2012-09-25 02:44:03 AM
MrSplifferton: I agree with your solution, but they aren't charging insurance companies $500 for asprin, they are charging the uninsured that price. There is no way as hell that an insurance company would pay 10k per night in a hospital bed, but being uninsured that's what they billed me. Explain that to me, how they could charge that much money to an uninsured person.

They bill the insurance company $500 and the insurance company calls up and says they'll pay $5. Eventually they settle on $50 a tablet and the hospital uses part of that to cover treatment for the uninsured.

That's how the HMO system "works".
 
2012-09-25 02:44:58 AM
MrSplifferton: MSFT: MrSplifferton: Can none of you read?? TFA says that only 8% of people are there for non-emergencies which means most people there are for legitimate reasons. The problem is uninsured causing huge costs to them, which is bullshiat when they charge $500 for a farkin' asprin.

They charge that to try and recoup the losses against the uninsured visitors by soaking the insurance companies. The solution is to pull out the middle man and just have the government provide for both emergent and primary care.

I agree with your solution, but they aren't charging insurance companies $500 for asprin, they are charging the uninsured that price. There is no way as hell that an insurance company would pay 10k per night in a hospital bed, but being uninsured that's what they billed me. Explain that to me, how they could charge that much money to an uninsured person.

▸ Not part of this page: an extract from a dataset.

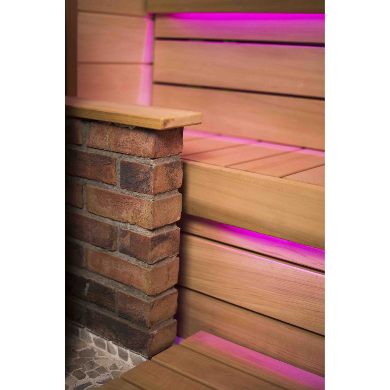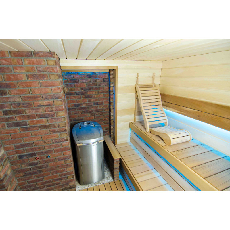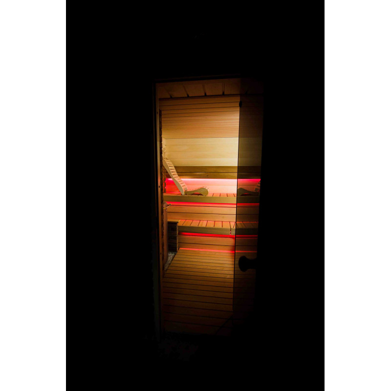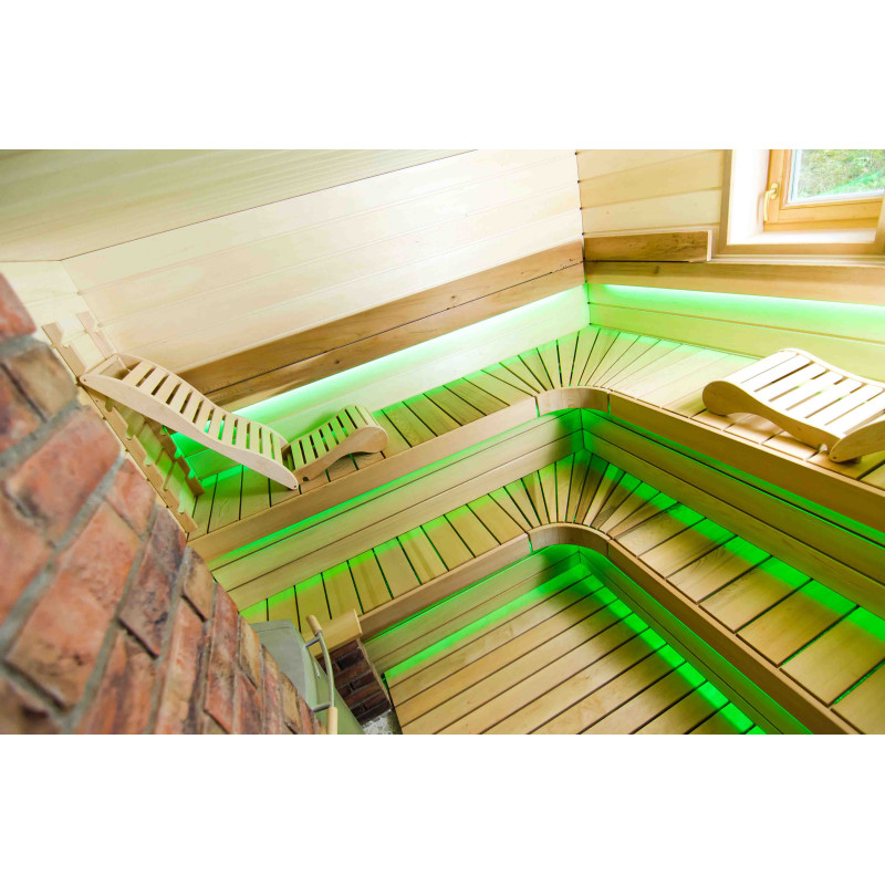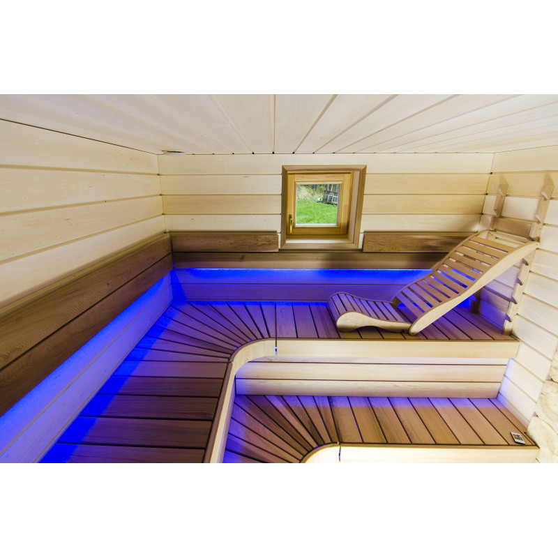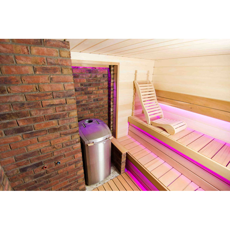 Prevazut cu iluminare color RGB, controlata de un schimbator de culoare wireless, care iti permite sa schimbi cu usurinta culoarea luminii in functie de atmosfera de sauna dorita.

Show me where they charge different rates for different payment methods.
 
2012-09-25 02:45:21 AM
MSFT: MrSplifferton: LordJiro: MrSplifferton: Can none of you read?? TFA says that only 8% of people are there for non-emergencies which means most people there are for legitimate reasons. The problem is uninsured causing huge costs to them, which is bullshiat when they charge $500 for a farkin' asprin.

People using the ER without insurance, cost the hospital money. They respond by raising the prices for patients who can actually pay their bills.

They respond by raising the prices on the uninsured and deducting the losses. How else can you explain charging an uninsured person 10k per night in a non-emergency hospital bed. Or charging 8k for an ambulance ride for 100 miles. They don't expect to get paid, they write that shiat off.

Read the article again - they don't "write it off", they go out of business.


They go out of business when their scheme hits the tipping point. You think those ER's are privately owned? They aren't profitable so the parent company pulls the plug. Poor ER doctors, sure, poor Corporation owning multiple ER's and deciding to cut unprofitable ones not so much.